• Recorded data:
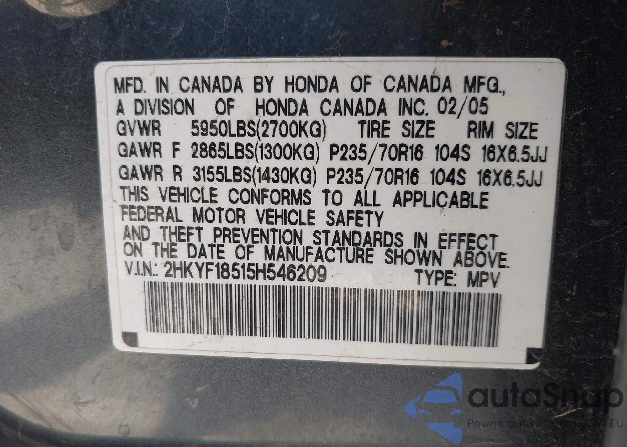 • VIN 2HKYF18515H546209
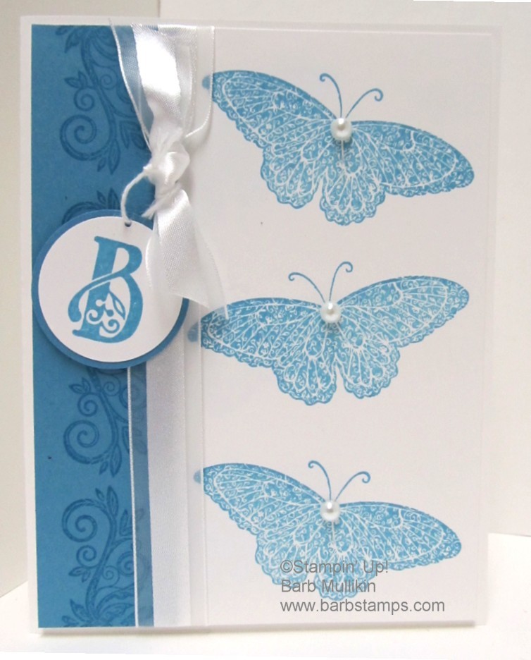 This is one of the cards we will be making tonight in my Monthly Card Class. I used Marina Mist on this card along with the Broadsheet Alphabet set.
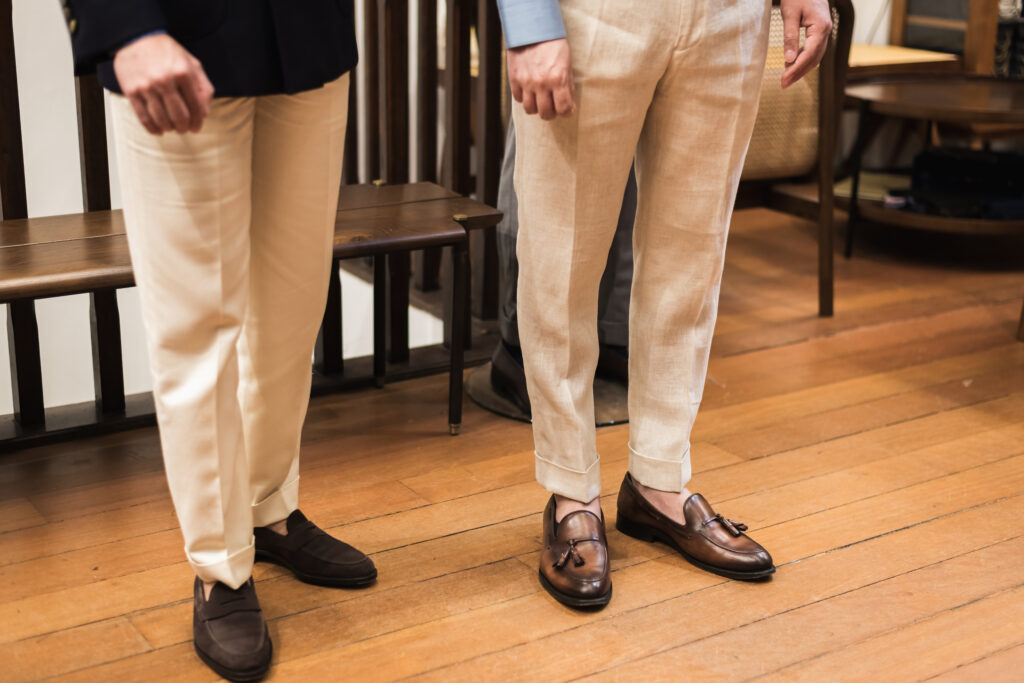 Next, Glenn proposed swapping the linen trousers for the grey wool pair. When combined with the linen jacket, the separated look appeared particularly sartorial and conveyed a strong sense of personal style. You can also see in the photo above how well the grey trousers drape — clean and streamlined.

• What the exercise asks:
Without including any pictures, reproduce the data exactly.

• Answer to the exercise:
 • VIN 2HKYF18515H546209
 This is one of the cards we will be making tonight in my Monthly Card Class. I used Marina Mist on this card along with the Broadsheet Alphabet set.
 Next, Glenn proposed swapping the linen trousers for the grey wool pair. When combined with the linen jacket, the separated look appeared particularly sartorial and conveyed a strong sense of personal style. You can also see in the photo above how well the grey trousers drape — clean and streamlined.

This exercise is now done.